START Data listing

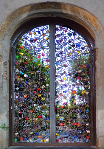 Il cancello dell’orto della Basilica di Santa Croce in Gerusalemme a Roma (5 min a piedi da San Giovanni in Laterano), è opera dell’artista greco Jannis Kounellis: in pietre di vetro e ferro, è stato inaugurato nel 2007. Purtroppo è esposto al nord, per cui sostanzialmente si fotografa sempre con la luce sfavorevole, e in più come si vede il muro intorno è proprio brutto |
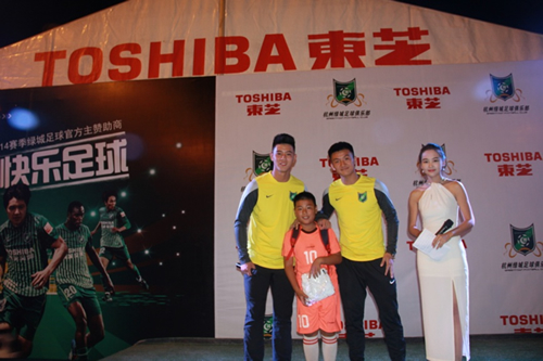 東芝于2014年正式成為杭州綠城俱樂部的主贊助商,繼續為國內頂級足球賽事注入動力,并提出了“東芝快樂足球”的口號。未來,與中國足球結緣的東芝將再接再厲,使“推動中國足球事業發展”,“助力中國青少年健康成長”的理念更好地融入社會實踐,也讓東芝的“快樂足球”綻放出更美更絢爛的色彩。
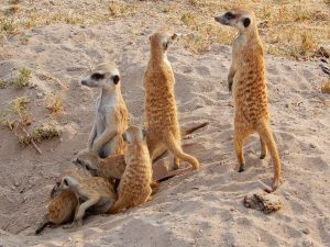 Unterwegs machen wir Halt, um einer habituierten Erdmännchenfamilie einen Besuch abzustatten. Wie putzig die kleinen Tierchen doch sind! Und so zahm! Nachdem ich mich auf einer Decke niedergesetzt habe, kommt auch schon das erste Tierchen an und klettert flink auf meinen Schoss. Nun will es hoch hinaus und setzt an, aber weil es mich kitzelt und ich nicht stillhalten kann, überlegt es sich dann anders und flitzt weg. Ach schade … ein Erdmännchen auf meinen Kopf wäre zu lustig gewesen.
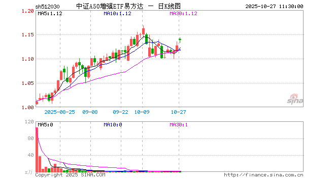 中证A50增强ETF易方达(512030)业绩比较基准为中证A50指数收益率,管理人为易方达基金管理有限公司,基金经理为郭杰,成立(2025-07-28)以来回报为12.95%,近一个月回报为-0.19%。
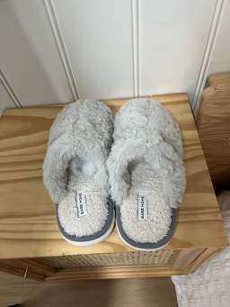 スリッパを受け取りました。毛むくむくでとても可愛いですし、履き心地も快適で暖かいです。何よりも安くて本当に物価が安いです。
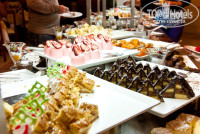 Питание в отеле по системе UAL – наливают и кормят круглосуточно :) Основные приемы пищи очень разнообразны – помимо стандартных блюд из курицы и рыбы бывали печёнка, почки, баранина, форель речная, мозги. На завтрак все стандартно – омлет, яичница, оладьи, хлопья, картофель, овощи ну и очень много всяких закусок и наполнителей к блинчикам. Фруктов было достаточно, почти каждый день была клубника вполне достойного качества. Десертов – целый стол в три метра. Вино в свободном доступе, можно наливать самим, пиво и крепкий алкоголь наливает бармен. Персонал вышколен, грязную посуду убирают и накрывают на стол очень быстро и с улыбкой. Если что-то из еды заканчивается, то всё пополняется быстро. Помимо основного ресторана есть бар «Дельфин», где можно перекусывать между завтраком и обедом, ресторан «Марина» - как второй ресторан возле главного корпуса, есть еще ресторан в конце полуострова, но поскольку было начало сезона, то он не работал. Алкогольные напитки не зажимают, не делают вид как будто не слышат (как бывает в некоторых отелях), обслуживают быстро и вежливо. Рестораны А-ля карт не работали вообще, видимо считалось, что еще несезон и мало народу.
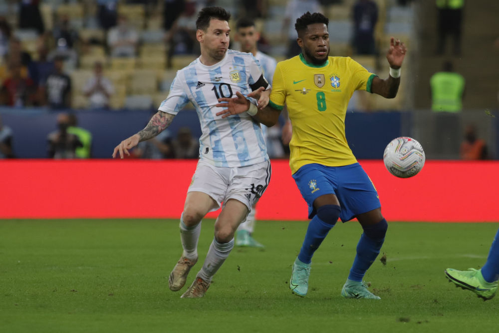 ↑阿根廷队球员梅西(左)和巴西队球员弗雷德拼抢。新华社发(拉赫尔·帕特拉索摄)
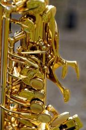 Keywords: instrument musical instrument wind instrument brass instrument saxophone saxophone detail close up analog band music close
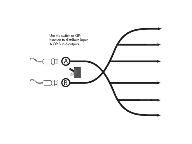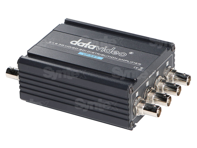 Datavideo VP-597 je SDI distributer sa 2 ulaza, 6 izlaza i A/B ulaznom sklopkom. Podržava 3G/HD/SD-SDI video signal s ugrađenim zvukom i ponovnim taktom za veće udaljenosti.
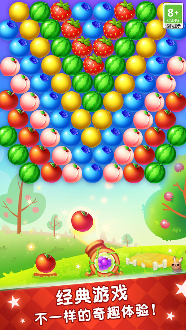 1、游戏中包含多种不同颜色的水果泡泡,玩家需要通过匹配消除它们,完成关卡目标。
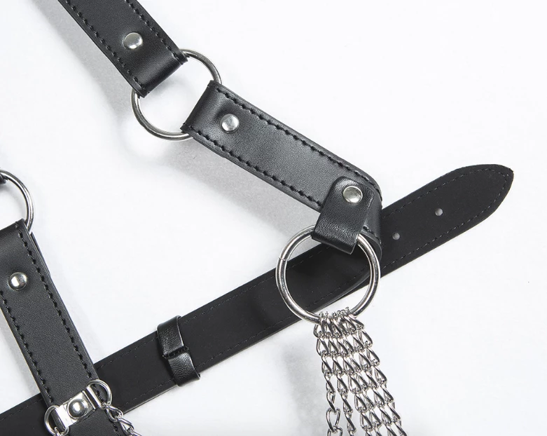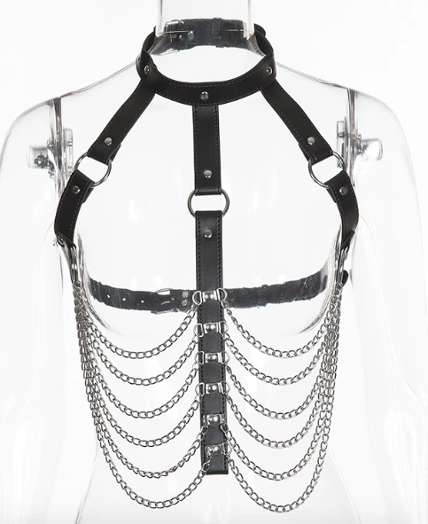 The body harness is made of vegan leather & chains. We make sure that no animals are hurt during the production. Harness is ONE SIZE fits all, comfortably adjust at neck & back. Style with bra/halter tops, or even just the pasties. Go get LIT. Perfect for party wear, costumes, festival clothing, festival fashion, rave wear, & EDM outfits, etc.
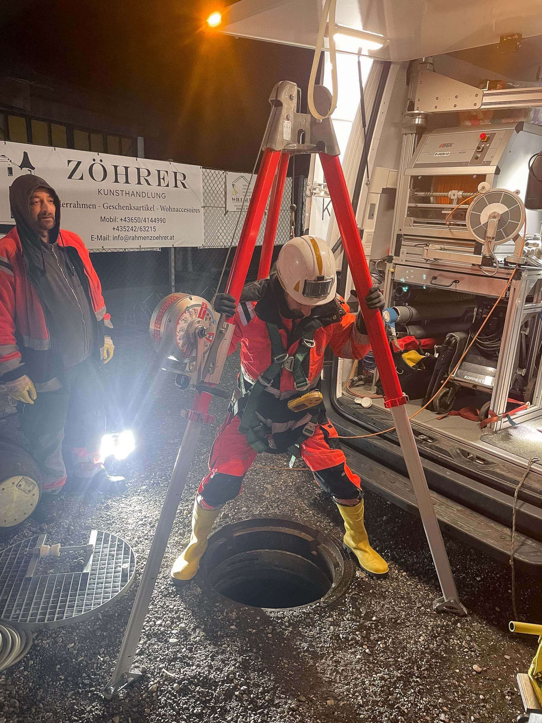 Technisch ging’s auch in Innsbruck weiter: Hier wurde ein defekter Hausanschluss per Schlauchliner saniert – ganz ohne Grabarbeiten, aber mit vollem Einsatz. Schnell, sauber und grabenlos – so geht moderne Sanierung.
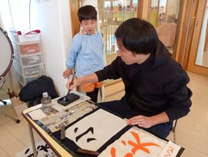 次はお家の方にも同じように挑戦して頂きました。お家の方が真剣に習字に取り組んでる姿は中々普段見ることが出来ないので、子どもたちは尊敬の眼差しです。✨✨
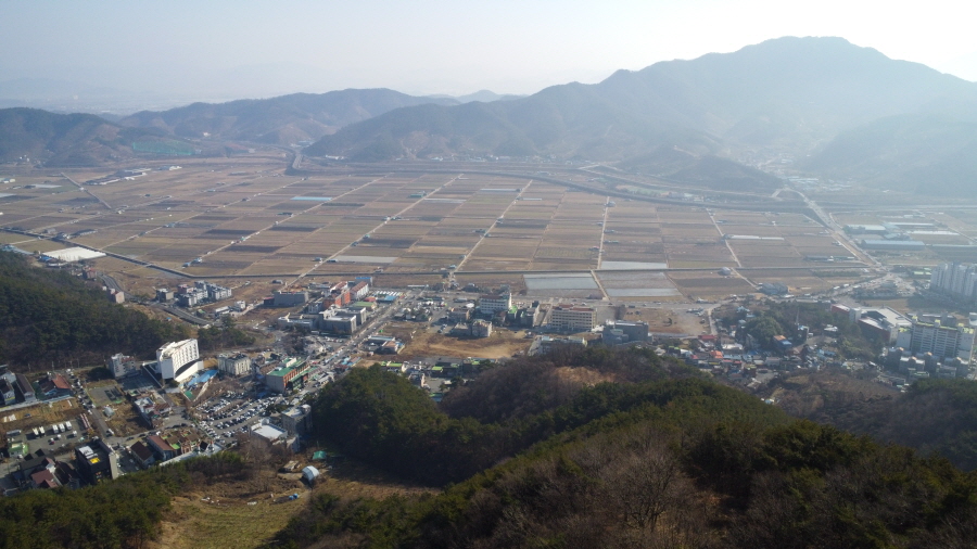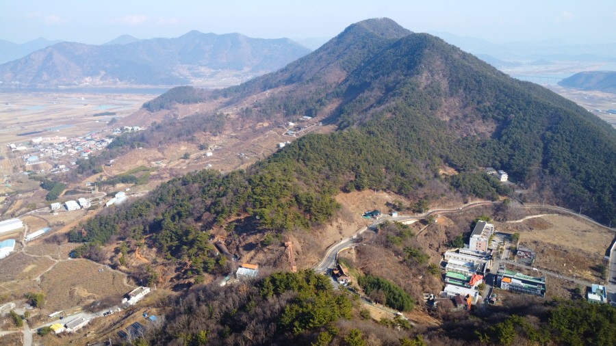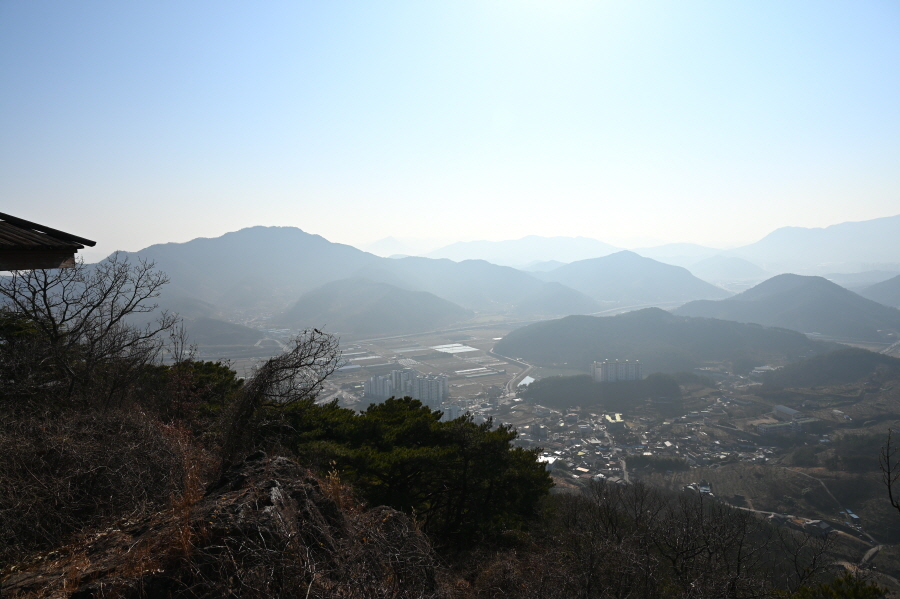 정상에는 두 개의 정상석과 정자 쉼터가 있습니다. 조망은 남서쪽 옥녀봉 뒤로 무릉산이 보이며, 시계 반대방향으로 청룡산(작대산) 천주산 구룡산 백월산이, 북쪽으로 천마산 뒤로 낙동강 넘어 처녀봉과 발아래 마금산온천이 보입니다.

END Data listing

▶ **What you need to do**
Output the entries above exactly. Do not include the pictures.

▶ **Problem solution**
 Il cancello dell’orto della Basilica di Santa Croce in Gerusalemme a Roma (5 min a piedi da San Giovanni in Laterano), è opera dell’artista greco Jannis Kounellis: in pietre di vetro e ferro, è stato inaugurato nel 2007. Purtroppo è esposto al nord, per cui sostanzialmente si fotografa sempre con la luce sfavorevole, e in più come si vede il muro intorno è proprio brutto |
 東芝于2014年正式成為杭州綠城俱樂部的主贊助商,繼續為國內頂級足球賽事注入動力,并提出了“東芝快樂足球”的口號。未來,與中國足球結緣的東芝將再接再厲,使“推動中國足球事業發展”,“助力中國青少年健康成長”的理念更好地融入社會實踐,也讓東芝的“快樂足球”綻放出更美更絢爛的色彩。
 Unterwegs machen wir Halt, um einer habituierten Erdmännchenfamilie einen Besuch abzustatten. Wie putzig die kleinen Tierchen doch sind! Und so zahm! Nachdem ich mich auf einer Decke niedergesetzt habe, kommt auch schon das erste Tierchen an und klettert flink auf meinen Schoss. Nun will es hoch hinaus und setzt an, aber weil es mich kitzelt und ich nicht stillhalten kann, überlegt es sich dann anders und flitzt weg. Ach schade … ein Erdmännchen auf meinen Kopf wäre zu lustig gewesen.
 中证A50增强ETF易方达(512030)业绩比较基准为中证A50指数收益率,管理人为易方达基金管理有限公司,基金经理为郭杰,成立(2025-07-28)以来回报为12.95%,近一个月回报为-0.19%。
 スリッパを受け取りました。毛むくむくでとても可愛いですし、履き心地も快適で暖かいです。何よりも安くて本当に物価が安いです。
 Питание в отеле по системе UAL – наливают и кормят круглосуточно :) Основные приемы пищи очень разнообразны – помимо стандартных блюд из курицы и рыбы бывали печёнка, почки, баранина, форель речная, мозги. На завтрак все стандартно – омлет, яичница, оладьи, хлопья, картофель, овощи ну и очень много всяких закусок и наполнителей к блинчикам. Фруктов было достаточно, почти каждый день была клубника вполне достойного качества. Десертов – целый стол в три метра. Вино в свободном доступе, можно наливать самим, пиво и крепкий алкоголь наливает бармен. Персонал вышколен, грязную посуду убирают и накрывают на стол очень быстро и с улыбкой. Если что-то из еды заканчивается, то всё пополняется быстро. Помимо основного ресторана есть бар «Дельфин», где можно перекусывать между завтраком и обедом, ресторан «Марина» - как второй ресторан возле главного корпуса, есть еще ресторан в конце полуострова, но поскольку было начало сезона, то он не работал. Алкогольные напитки не зажимают, не делают вид как будто не слышат (как бывает в некоторых отелях), обслуживают быстро и вежливо. Рестораны А-ля карт не работали вообще, видимо считалось, что еще несезон и мало народу.
 ↑阿根廷队球员梅西(左)和巴西队球员弗雷德拼抢。新华社发(拉赫尔·帕特拉索摄)
 Keywords: instrument musical instrument wind instrument brass instrument saxophone saxophone detail close up analog band music close
 Datavideo VP-597 je SDI distributer sa 2 ulaza, 6 izlaza i A/B ulaznom sklopkom. Podržava 3G/HD/SD-SDI video signal s ugrađenim zvukom i ponovnim taktom za veće udaljenosti.
 1、游戏中包含多种不同颜色的水果泡泡,玩家需要通过匹配消除它们,完成关卡目标。
 The body harness is made of vegan leather & chains. We make sure that no animals are hurt during the production. Harness is ONE SIZE fits all, comfortably adjust at neck & back. Style with bra/halter tops, or even just the pasties. Go get LIT. Perfect for party wear, costumes, festival clothing, festival fashion, rave wear, & EDM outfits, etc.
 Technisch ging’s auch in Innsbruck weiter: Hier wurde ein defekter Hausanschluss per Schlauchliner saniert – ganz ohne Grabarbeiten, aber mit vollem Einsatz. Schnell, sauber und grabenlos – so geht moderne Sanierung.
 次はお家の方にも同じように挑戦して頂きました。お家の方が真剣に習字に取り組んでる姿は中々普段見ることが出来ないので、子どもたちは尊敬の眼差しです。✨✨
 정상에는 두 개의 정상석과 정자 쉼터가 있습니다. 조망은 남서쪽 옥녀봉 뒤로 무릉산이 보이며, 시계 반대방향으로 청룡산(작대산) 천주산 구룡산 백월산이, 북쪽으로 천마산 뒤로 낙동강 넘어 처녀봉과 발아래 마금산온천이 보입니다.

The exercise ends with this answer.